Amputations, Burns, Renal Disease Flashcards
Causes of amputation
- Disease
- Trauma
- Infection
- Tumor
- Congenital limb deficiency
Acquired Amputations
Adults who have limb removed as a result of disease or trauma (NOT congenital limb deficiencies). These pts do not develop sensorimotor skills and self-image without the limb that younger pts with congenital deficiencies do.
Primary cause of amputation of lower limb and upper limb
Lower Limb: dysvascular disease and diabetes
Upper Limb: trauma (work-related accidents, GSW, burns).
Loss of the entire lower limb (LL)
Hemipelvectomy or Hip Disarticulation amputations cause loss of entire LL. Usually due to trauma or malignancy. Very slow healing, and may require skin grafting. In hemipelvectomy, a muscle flap covers the internal organs.
Above-Knee Amputation (AKA)
Transfemoral Amputation. Loss of the knee and everything distal to it. Residual limb length varies from 10-12 inches from greater trochanter. Classified by distance from ischium: Upper, Middle or Lower Third.
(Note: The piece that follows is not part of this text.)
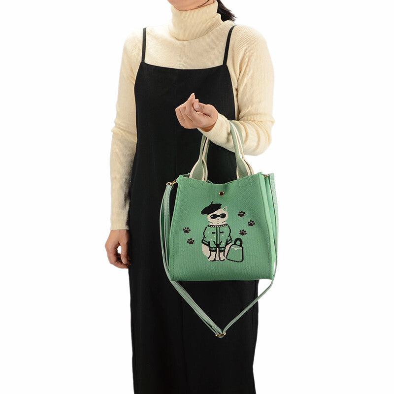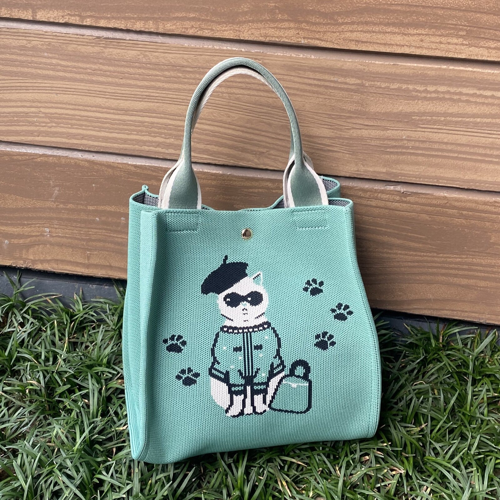 #針織包 / #手袋 / #女士包 / #貓咪印花/ #愛貓人士 / #單肩包 / #輕便 / #秋冬 / #兩用

Through-the-Knee Amputation
Disarticulation Amputation. Loss of knee joint function but allows high level of prosthesis control/mobility.
Below-Knee Amputation (BKA)
Transtibial Amputation. Preserves the knee and eliminates need for mechanical knee joint in prosthesis. Residual limb from 4-6 inches from tibial plateau.
Syme’s Amputation
Ankle Disarticulation. Loss of both ankle and foot function; typically from trauma or infection.
Metatarsal Amputation
From severing of foot through metatarsal bones, but ankle remains.
Ray Amputation
Excision of the toe and part of the metatarsal.
Causes of LL Amputations
- 95% due to peripheral vascular disease (PVD) (up to half of which are diabetes)
- Trauma 2nd most common
- Malignancy (to prevent spread)
Shaping of Residual Limb
- By wrapping with elastic bandage to control edema post-surgery. Must be skilled/consistent technique to prevent poor shaping.
- Gradually smaller residual limb shrinkers (encourages constant, even shrinkage for prosthesis fitting)
- Jobst compression pump, if wrapping/shrinker ineffective; air-filled sleeve that surrounds, providing constant, equal pressure to shrink limb.
- Both can be used after surgery, and over dressings if a nylon stocking is applied first.
- Shrinker may continually be worn even after prosthesis fitting when not wearing; can take up to 3 months or longer.
- Scar massage may be used to prevent adhesions and enhance surgical site comfort.
Main Components of Prosthesis
• SOCKET (direct connection to prosthesis)
• SOCK/GEL LINER (Adapts to limb volume changes; may be removed)
• SUSPENSION SYSTEM (Attaches socket to limb; belts, straps, wedges or suction)
• PYLON (Attaches socket to terminal device (TD); shock absorber or static)
• TERMINAL DEVICE-TD (Prosthetic foot, stable, weight-bearing surface and shock absorber; variable degrees of mechanical ankle movement/dynamic response)
* Some may include an articulating JOINT
Socket Options
- SMART VARIABLE GEOMETRY SOCKET (SVGS): reduces challenge of adapting to volume changes; adds/removes liquid on basis of pressure during wear to maintain fit.
- STATIC ELASTOMERIC LINER: Liner choice based on variables such as fit, comfort, friction tolerance and price.
Eschar
Dead epidermis and necrotic dermis attached to wound bed.